This is the code for our paper.

  • 8/21/2021 : Our paper won the best paper award in FTL-IJCAI'21 😎.
  • 7/20/2021 : Our paper has been accepted by the FTL-IJCAI'21 workshop for oral presentation.
  • 7/20/2021 : We have released the latest codes for automating experiments in the runx branch.

Abstract

Federated learning is vulnerable to various attacks, such as model poisoning and backdoor attacks, even if some existing defense strategies are used. To address this challenge, we propose an attack-adaptive aggregation strategy to defend against various attacks for robust federated learning. The proposed approach is based on training a neural network with an attention mechanism that learns the vulnerability of federated learning models from a set of plausible attacks. To the best of our knowledge, our aggregation strategy is the first one that can be adapted to defend against various attacks in a data-driven fashion.

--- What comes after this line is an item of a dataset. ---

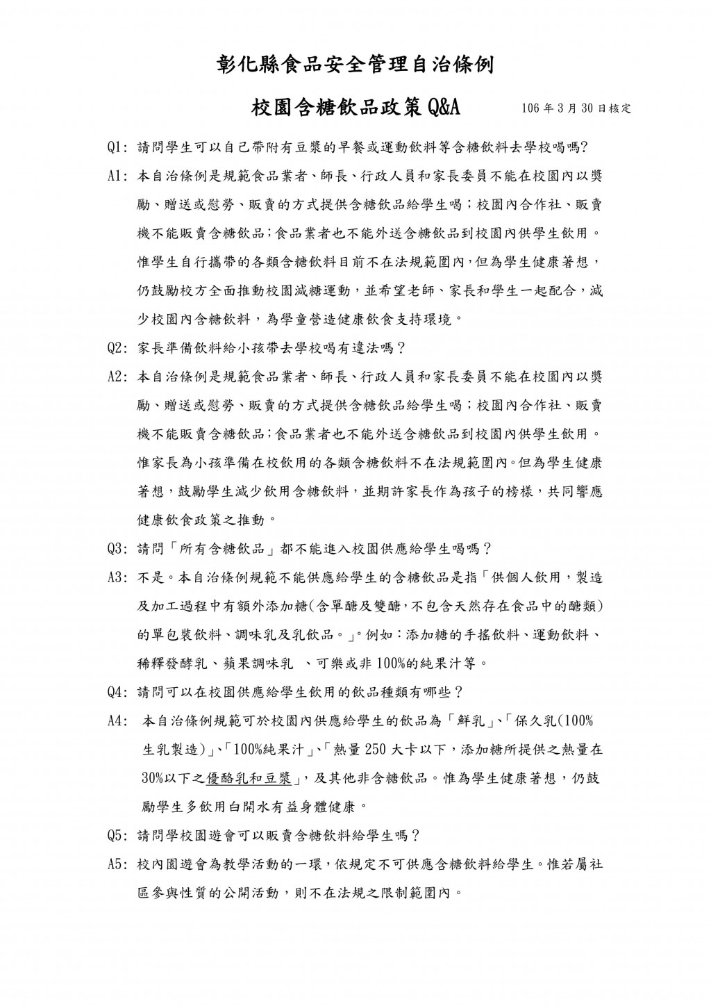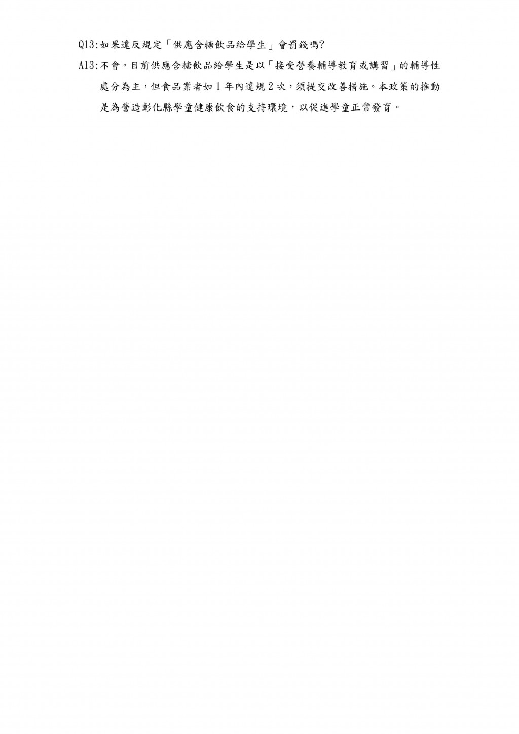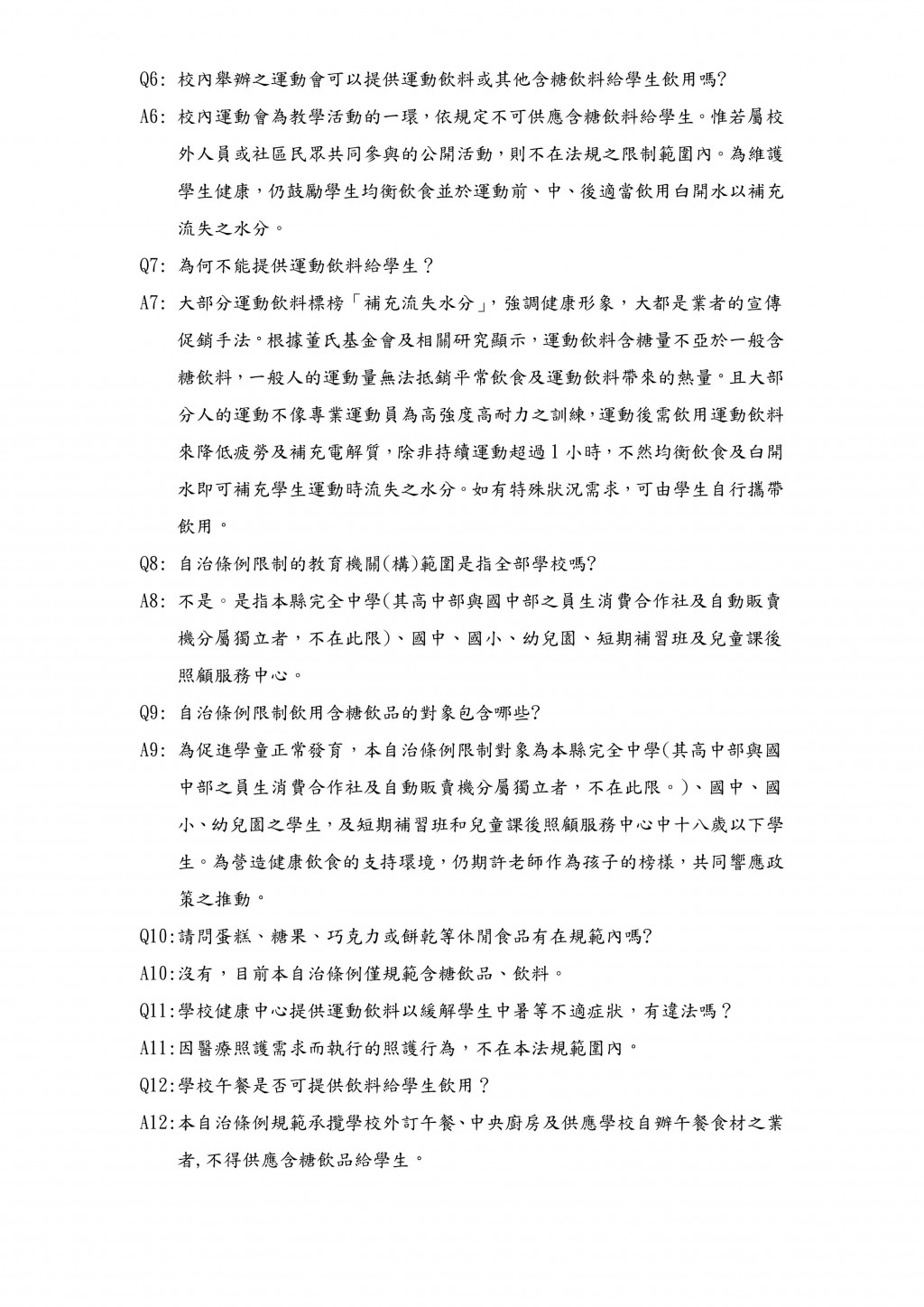 三、請貴校加強向教職員工、家長及學生宣導含糖飲料禁入校園,鼓勵學生均衡飲食並於運動前、中、後適當飲用白開水以補充

Our approach has achieved competitive performance in defending model poisoning and backdoor attacks in federated learning tasks on image and text datasets.

overview

Code structures

  • server.py, client,py, dataloader.py: our FL framework
  • main.py: entry point of the command line tool, it allocates resources and print out FL configs
  • parser.py: a parser of the FL configs, also assigns possible attackers given the configs
  • _main.py: the real controller of the FL experiments
  • ./aaa: the architecture and the training configurations of our Attack-Adaptive Aggregation model
  • ./rules: previous rule-based approaches for defending adversarial attacks
  • ./tasks: the FL tasks, including the definition of the datasets and the DNN models involved
  • ./utils: helper functions for allocating resources, adapting and evaluating the defenses in our FL framework

Running Federated Learning tasks

Demos

We provide a simple framework for simulating FL in a local machine. Take a look at the example in FL.ipynb for its usages.

Command line tools

python main.py --dataset cifar --AR attention --attacks "name_of_the_attack" --n_attacker_labelFlippingDirectional 1 --loader_type dirichlet --output_folder "subfolder_name_under_<logs>" --experiment_name "experiment 1" --epochs 30 --path_to_aggNet "./aaa/attention_cifar.pt --save_model_weights"

Check out parser.py for the use of the arguments, most of them are self-explanatory.

  • You may give an arbitrary name to --attacks. If the name contains "backdoor" (case insensitive), it will trigger the server to test on the backdoor samples.
  • The --output_folder is under the ./logs directory.
  • The experiment_name will be the name shown on the tensorboard.
  • If you choose the aggregation rule --AR to be attention or mlp , then you will also need to specify the location of the model parameters in --path_to_aggNet.
  • If --save_model_weights is specified, the local models and their label (benign or malicious) will be saved under ./AggData directory. This is how we can collect empirical update vectors.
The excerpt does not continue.